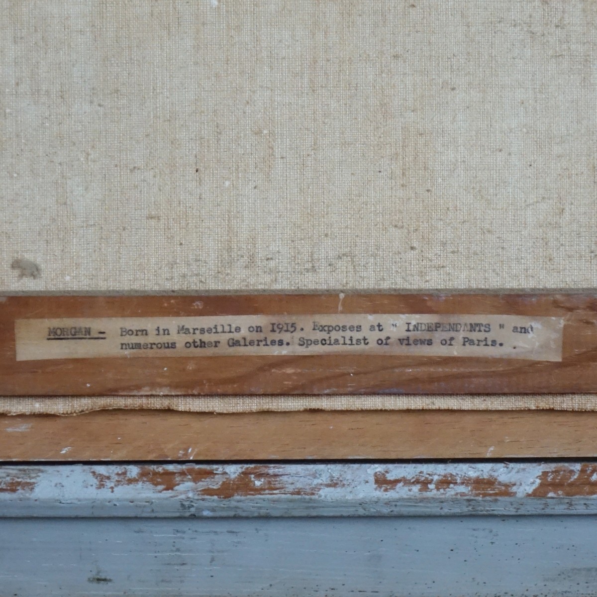 Morgan, French (born 1915) Oil on Canvas "View of Notre Dame Cathedral" Signed Lower Right. Measures 15" x 18", frame measures 20-3/4' x 24". Condition: Good condition. Estimate: $50.00 - $150.00 Domestic Shipping: $125.00
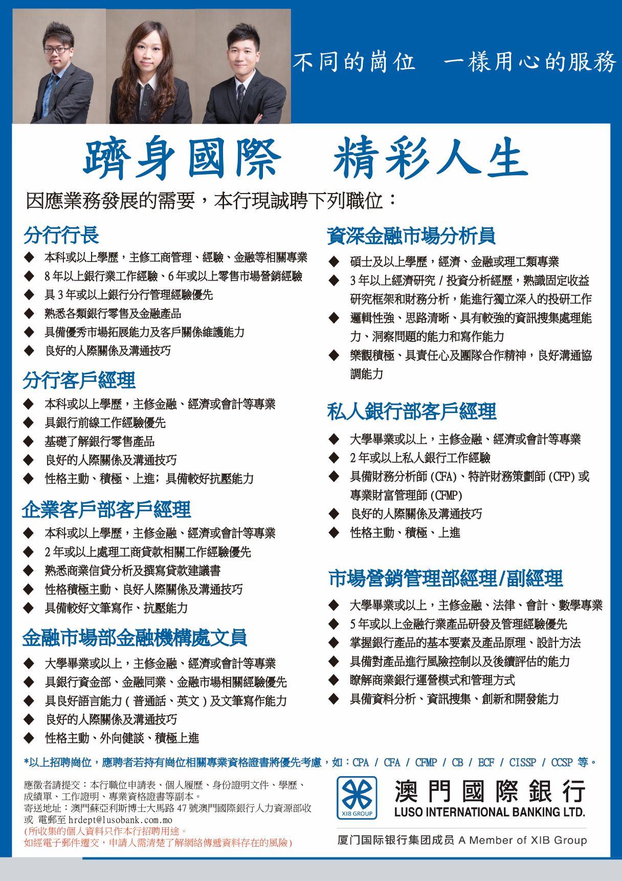 求職資料清單︰應徵者請填妥本行職位申請表,並提供個人履歷、身份證明文件、學歷、畢業成績單、專業資格證書、工作證明等副本。
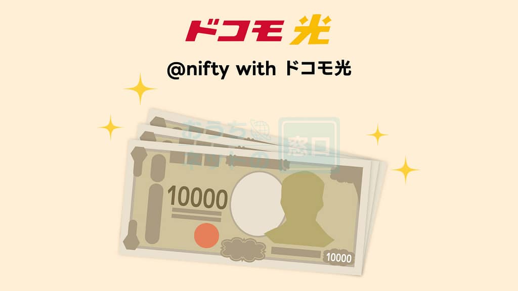 | @nifty with ドコモ光 詳しく見る 公式サイト | 新規/光回線再利用 転用/事業者変更20,000円 | 新規/光回線再利用 転用/事業者変更 35,000円 | 不要 | @nifty | 8ヶ月後 |
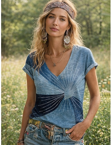 Per donna Maglietta Stampato Grafico Geometrico Bohemien Vintage Elegante Manica Corta Scollo a V Top Regolari Quotidiano Blu Estate Primavera
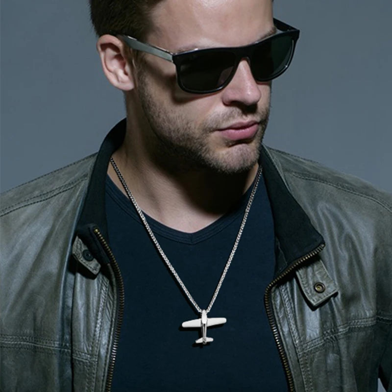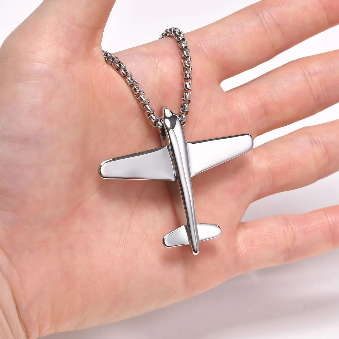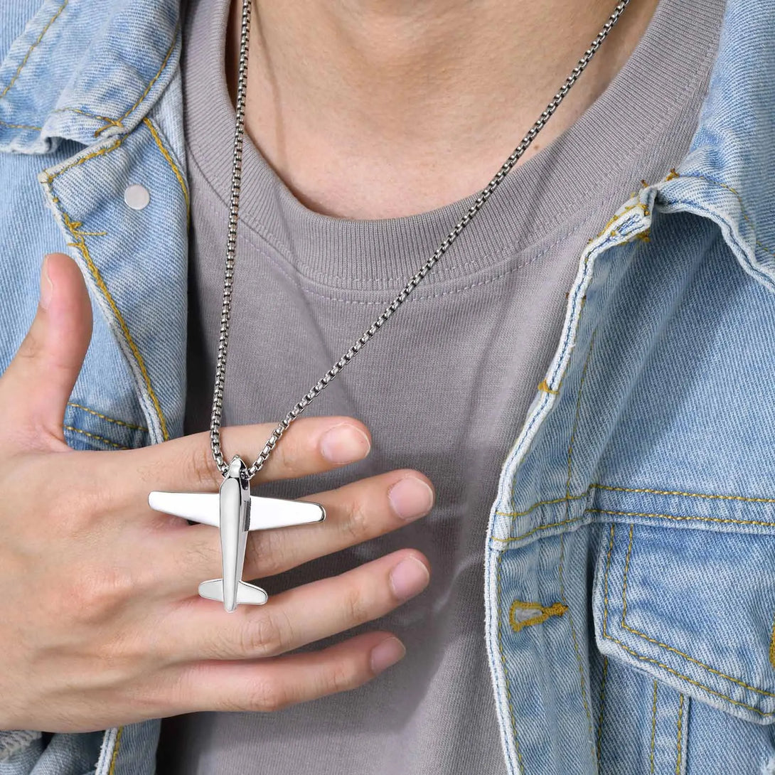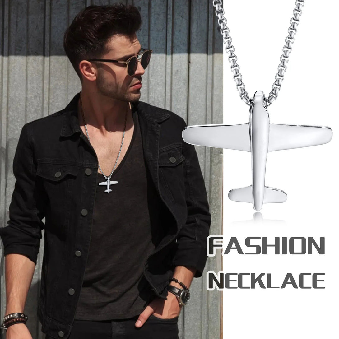 Collar con colgante de avión de moda para hombre, estilo rock punk, de acero inoxidable, estilo de la Fuerza Aérea, joyería de regalo.
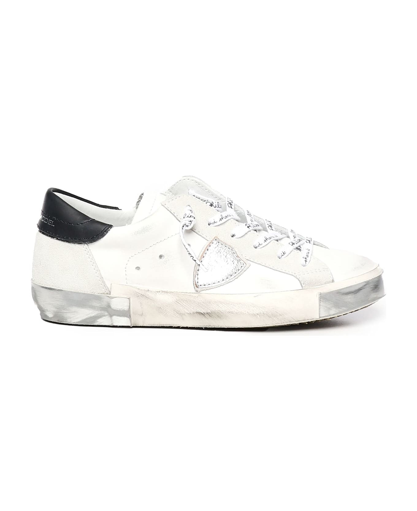 -Low sneaker with calfskin and suede upper -Metalized side badge -Leather and cotton terry lining -Rubber bottom with vintage-effect handcrafted banding and silver details -Color: White, Silver
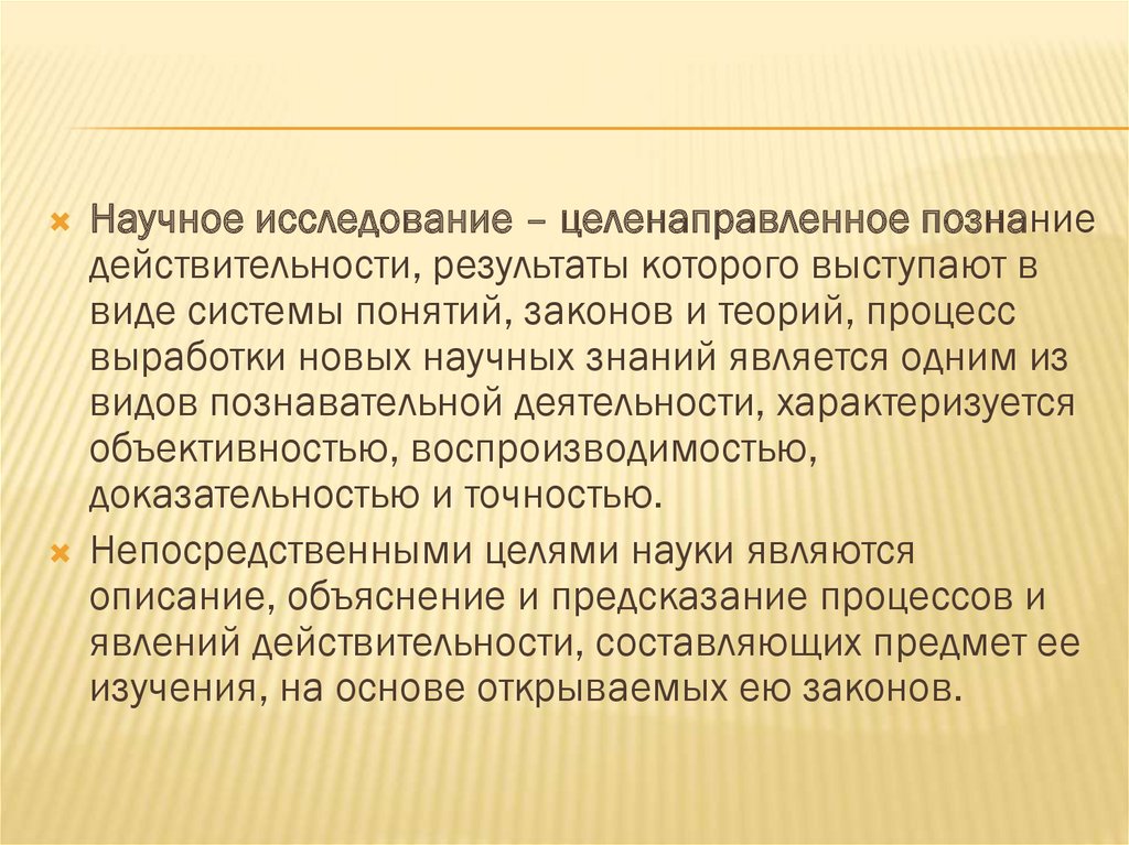 Научное исследование – целенаправленное познаниедействительности, результаты которого выступают в
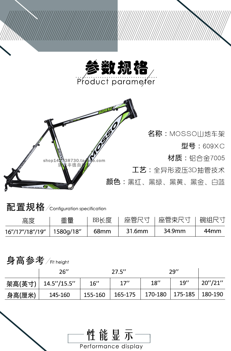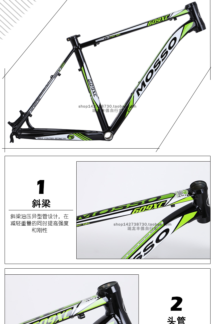 MOSSO山地车自行车车架铝合金609XC自行车架26寸轮径山地车架配件
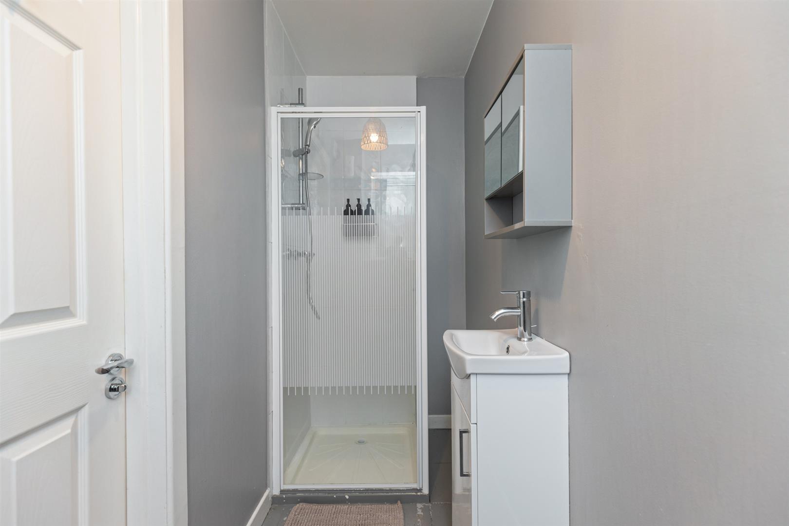 White suite comprising enclosed shower unit with wall mounted overhead shower and glass door, pedestal wash hand basin with mixer tap and tiled splashback, extractor fan, tiled floor and partially tiled walls.
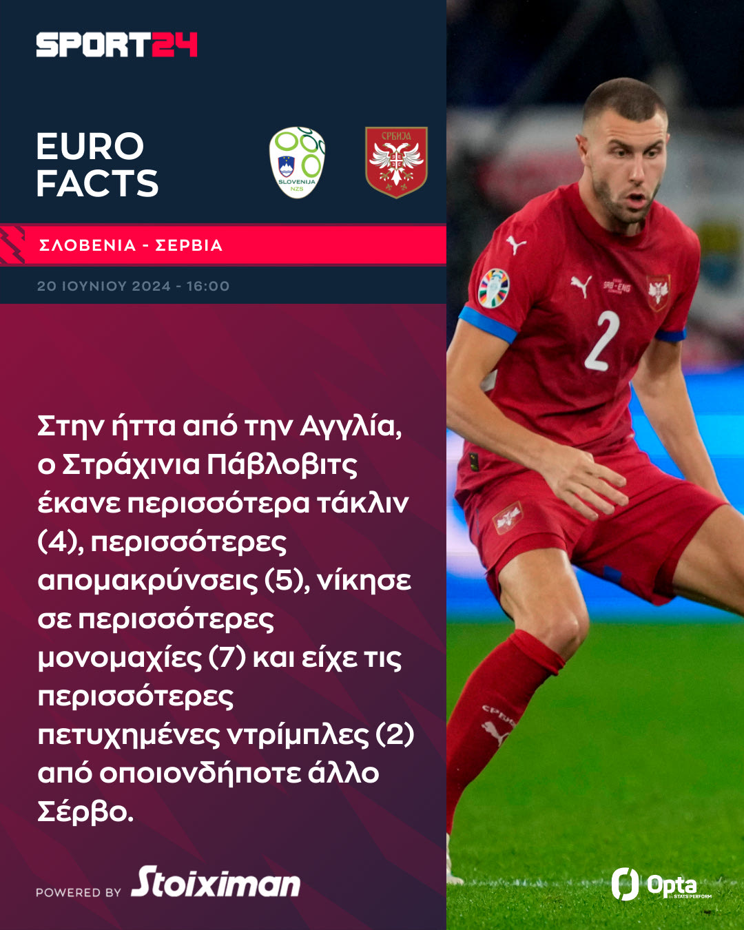 Σλοβενία και Σερβία θέλουν τη νίκη που θα τους ανοίξει διάπλατα τον δρόμο για την πρόκριση στα νόκ άουτ του Euro 2024 και το SPORT24 σας παρουσιάζει τα ιστορικά facts της αναμέτρησης με τη βοήθεια της Opta.
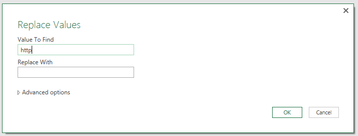 The Replace Values box will now appear. Lets type in the first word, “http”. Leave the Replace With box blank, as want to replace it with a blank.
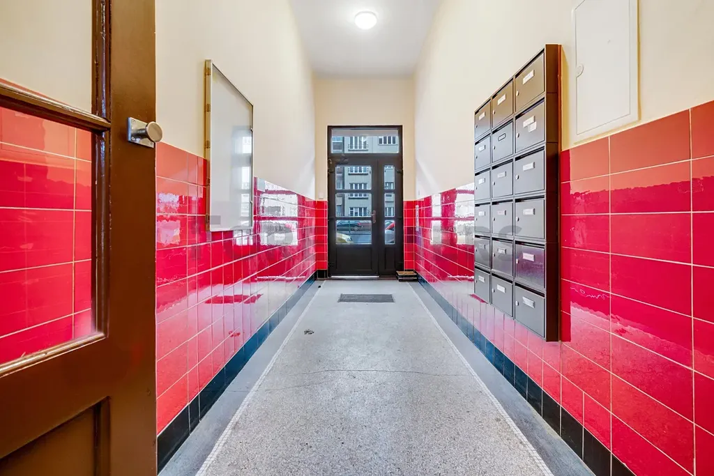 Dispozičně je byt řešen prakticky a efektivně. Obývací pokoj s kuchyňským koutem poskytuje dostatek prostoru pro každodenní život, zatímco samostatná ložnice zajišťuje klid a soukromí. Koupelna je vybavena vanou a pračkou, toaleta je oddělená, což výrazně zvyšuje komfort bydlení. Velkým benefitem je praktická spíž přímo v bytě, která nabízí dostatek úložného prostoru, a dále sklepní kóje v suterénu domu. Obyvatelé domu mohou navíc využívat společný dvorek a je možné si pronajmout parkovací místo ve dvoře.
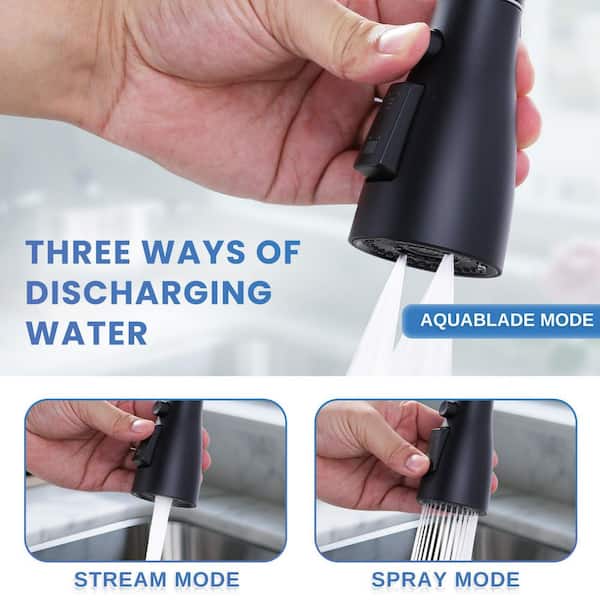 3 Functions Sprayed Pull Down Kitchen Faucet Spray Replacement with Adapters in Matte Black
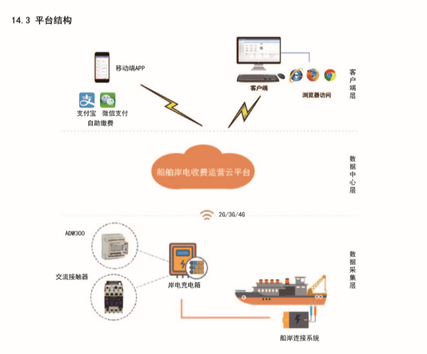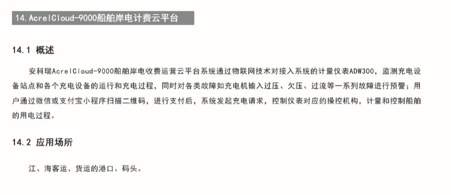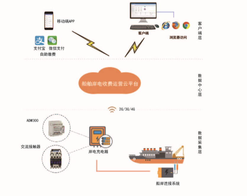 安科瑞AcrelCloud-9000船舶岸電收費(fèi)運(yùn)營云平臺系統(tǒng)通過物聯(lián)網(wǎng)技術(shù)對接入系統(tǒng)的計量儀表ADW300,監(jiān)測充電設(shè)備站點(diǎn)和各個充電設(shè)備的運(yùn)行和 充電過程,同時對各類故障如充電機(jī)輸入過壓、欠壓、過流等一系列故障進(jìn)行預(yù)警;用戶通過微信或者支付寶小程序掃描二維碼,進(jìn)行支付后,系統(tǒng)發(fā)起充電請求,控制儀表對應(yīng)的操控機(jī)構(gòu),計量和控制船舶的用電過程。
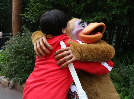 | お猿のポーズで写真を撮りました。 ハグもしてもらい楽しかったです! |
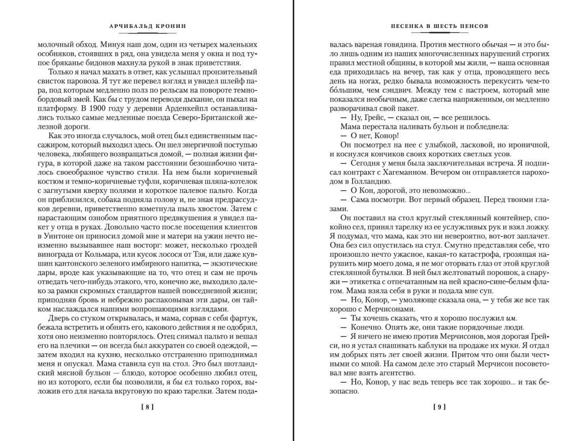 «Песенка в шесть пенсов и карман пшеницы» — две первые строчки известной английской песенки, а также названия не менее известных двух произведений Арчибальда Кронина, созданных в лучших традициях «романов воспитания» Диккенса, Бальзака и Флобера. Рассказ о судьбе юноши из Шотландии, мечтательного, амбициозного и наивного отразил многие автобиографические факты из жизни автора. О его приключениях, победах и поражениях, потерях и обретениях, влюбленностях и разочарованиях Кронин повествует с теплым юмором и с тем проникновенным, вызывающим сочувствие и сопереживание реализмом, который отличает его оригинальный творческий почерк.
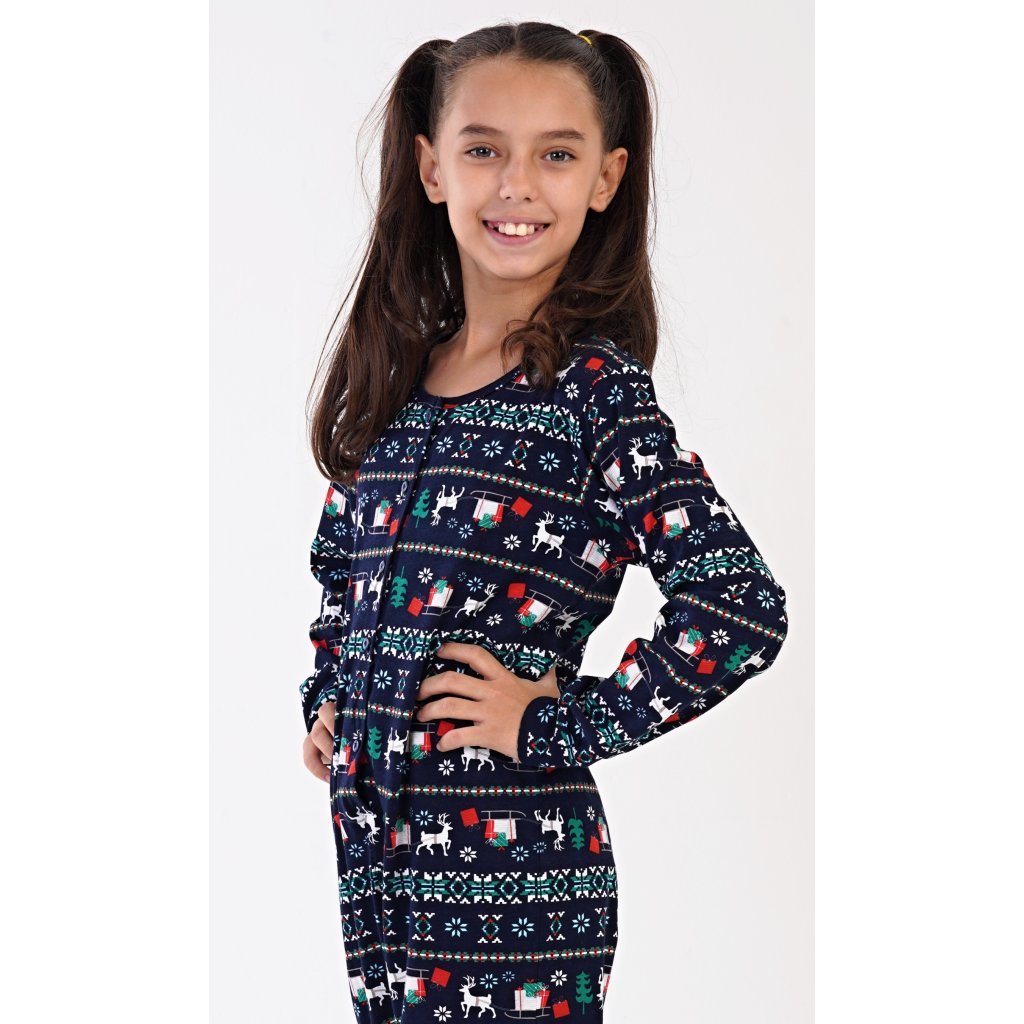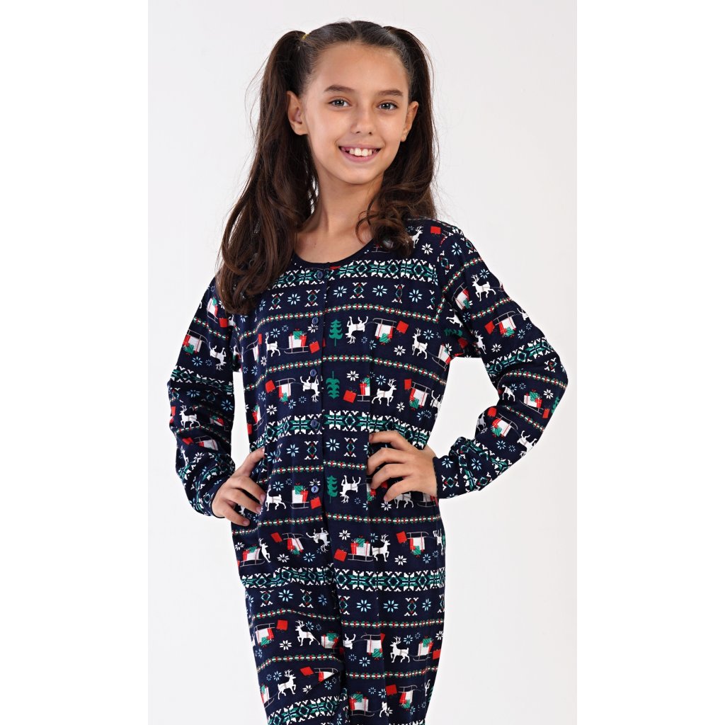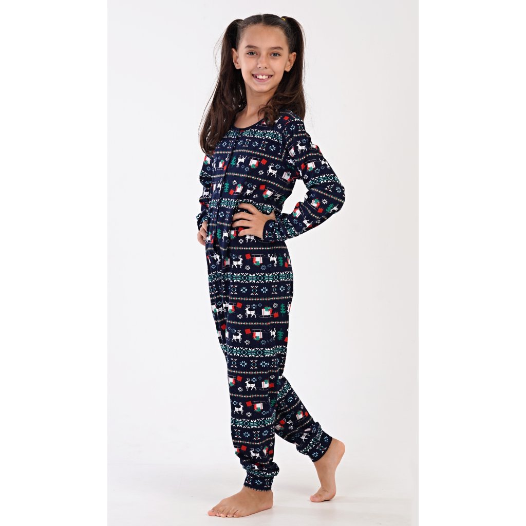Dětský bavlněný overal Merry christmas. Overal je celopropínací, potištěný vánočními motivy. Dlouhé nohavice a rukávy jsou ukončeny lemy. Bavlněný materiál je poddajný a příjemný na dotek.

▸ TASK DETAILS: In the entries above, find the line containing "不要 | @nifty | 8ヶ月後 |" and the line containing "お猿のポーズで写真を撮りました。 ハグもしてもらい楽しかったです! |", then copy both and every line between them exactly, without any picture.

▸ YOUR SOLUTION:
 | @nifty with ドコモ光 詳しく見る 公式サイト | 新規/光回線再利用 転用/事業者変更20,000円 | 新規/光回線再利用 転用/事業者変更 35,000円 | 不要 | @nifty | 8ヶ月後 |
 Per donna Maglietta Stampato Grafico Geometrico Bohemien Vintage Elegante Manica Corta Scollo a V Top Regolari Quotidiano Blu Estate Primavera
 Collar con colgante de avión de moda para hombre, estilo rock punk, de acero inoxidable, estilo de la Fuerza Aérea, joyería de regalo.
 -Low sneaker with calfskin and suede upper -Metalized side badge -Leather and cotton terry lining -Rubber bottom with vintage-effect handcrafted banding and silver details -Color: White, Silver
 Научное исследование – целенаправленное познаниедействительности, результаты которого выступают в
 MOSSO山地车自行车车架铝合金609XC自行车架26寸轮径山地车架配件
 White suite comprising enclosed shower unit with wall mounted overhead shower and glass door, pedestal wash hand basin with mixer tap and tiled splashback, extractor fan, tiled floor and partially tiled walls.
 Σλοβενία και Σερβία θέλουν τη νίκη που θα τους ανοίξει διάπλατα τον δρόμο για την πρόκριση στα νόκ άουτ του Euro 2024 και το SPORT24 σας παρουσιάζει τα ιστορικά facts της αναμέτρησης με τη βοήθεια της Opta.
 The Replace Values box will now appear. Lets type in the first word, “http”. Leave the Replace With box blank, as want to replace it with a blank.
 Dispozičně je byt řešen prakticky a efektivně. Obývací pokoj s kuchyňským koutem poskytuje dostatek prostoru pro každodenní život, zatímco samostatná ložnice zajišťuje klid a soukromí. Koupelna je vybavena vanou a pračkou, toaleta je oddělená, což výrazně zvyšuje komfort bydlení. Velkým benefitem je praktická spíž přímo v bytě, která nabízí dostatek úložného prostoru, a dále sklepní kóje v suterénu domu. Obyvatelé domu mohou navíc využívat společný dvorek a je možné si pronajmout parkovací místo ve dvoře.
 3 Functions Sprayed Pull Down Kitchen Faucet Spray Replacement with Adapters in Matte Black
 安科瑞AcrelCloud-9000船舶岸電收費(fèi)運(yùn)營云平臺系統(tǒng)通過物聯(lián)網(wǎng)技術(shù)對接入系統(tǒng)的計量儀表ADW300,監(jiān)測充電設(shè)備站點(diǎn)和各個充電設(shè)備的運(yùn)行和 充電過程,同時對各類故障如充電機(jī)輸入過壓、欠壓、過流等一系列故障進(jìn)行預(yù)警;用戶通過微信或者支付寶小程序掃描二維碼,進(jìn)行支付后,系統(tǒng)發(fā)起充電請求,控制儀表對應(yīng)的操控機(jī)構(gòu),計量和控制船舶的用電過程。
 | お猿のポーズで写真を撮りました。 ハグもしてもらい楽しかったです! |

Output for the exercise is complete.